Posted to mapreduce-issues@hadoop.apache.org by "Carlo Curino (JIRA)" <ji...@apache.org> on 2013/05/23 02:05:20 UTC
[jira] [Commented] (MAPREDUCE-5269) Preemption of Reducer (and Shuffle) via checkpointing

    [ https://issues.apache.org/jira/browse/MAPREDUCE-5269?page=com.atlassian.jira.plugin.system.issuetabpanels:comment-tabpanel&focusedCommentId=13664720#comment-13664720 ] 

Carlo Curino commented on MAPREDUCE-5269:
-----------------------------------------

This patch completes the series MAPREDUCE-5176,MAPREDUCE-5189,MAPREDUCE-5192,MAPREDUCE-5194,MAPREDUCE-5196,MAPREDUCE-5197 and provides the actual checkpoint mechanics for shuffle and reducers.
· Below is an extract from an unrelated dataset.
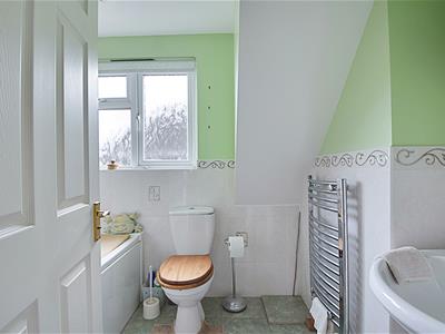 Comprising shower/bath with shower screen, shower controls and showerhead, wc with low level flush, pedestal mounted wash hand basin, half height wall tiling, chrome heated towel rail, obscured glass window to the side elevation.

In Task we propagate the requests coming in form the umbilical protocol to preempt the task and propagate them into the reducer and shuffle logic.

--- Saving the computation state to checkpoint ---
For Shuffle we leverage the plugin architecture to provide a PreemptableShuffle. The key intuition behind this code is to: 
# bring the fetcher threads to a safe halt (based on MAPREDUCE-5194), 
# take note of what are the map that have been pulled so far
# finish the local sort of such maps
# write (using MAPREDUCE-5197) a checkpoint file that contains a header with the list of map ids, and the sorted K,V pairs. This is a modified IFile.
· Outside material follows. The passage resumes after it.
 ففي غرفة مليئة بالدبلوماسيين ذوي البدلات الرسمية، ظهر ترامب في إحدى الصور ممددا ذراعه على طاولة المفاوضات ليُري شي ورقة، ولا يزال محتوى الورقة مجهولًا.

For Reducers we check that the Reducer and OutputCommitter are tagged as @Preemptable by the user (see discussion on MAPREDUCE-5176) and:
# wait for the execution of the user UDF to complete for a key-group
# promote the output produced so far, so that is not removed during cleanup (this leverages a modified version of FileOutpuCommitter: the PartialOutputCommitter)
# write (using MAPREDUCE-5197) in a checkpoint the remaining portion of the data to be processed (same format as for shuffle, where the header contains all the map ids, and the K,V pairs store the data not reducerd yet)

--- Restarting from a checkpoint ---
For both Shuffle and Reducer checkpoints we simply:
# during the init of the PreemptableShuffle we check on whether there is a checkpoint for this task
# if one exists we initialized the list of finishedMaps in the shuffle scheduler to what has been saved in the checkpoint
# we add the IFile contained in the checkpoint to the set of files we are shuffling
# proceed with normal shuffle

--- Failures ---
We detect problems with the checkpoints during restart, and if the checkpoint is corrupted/unavailable or the partially committed output is missing
we completely reset the execution for this task by wiping the partially committed output and restarting from scratch the execution of the task (basically
we fallback to a classic task re-execution). Beside unit tests, and regular runs, we validated this recovery mechanism by injecting faults (missed propagations
of checkpoint ids, missing checkpoint files, missing output files) and observed the system behaving properly. 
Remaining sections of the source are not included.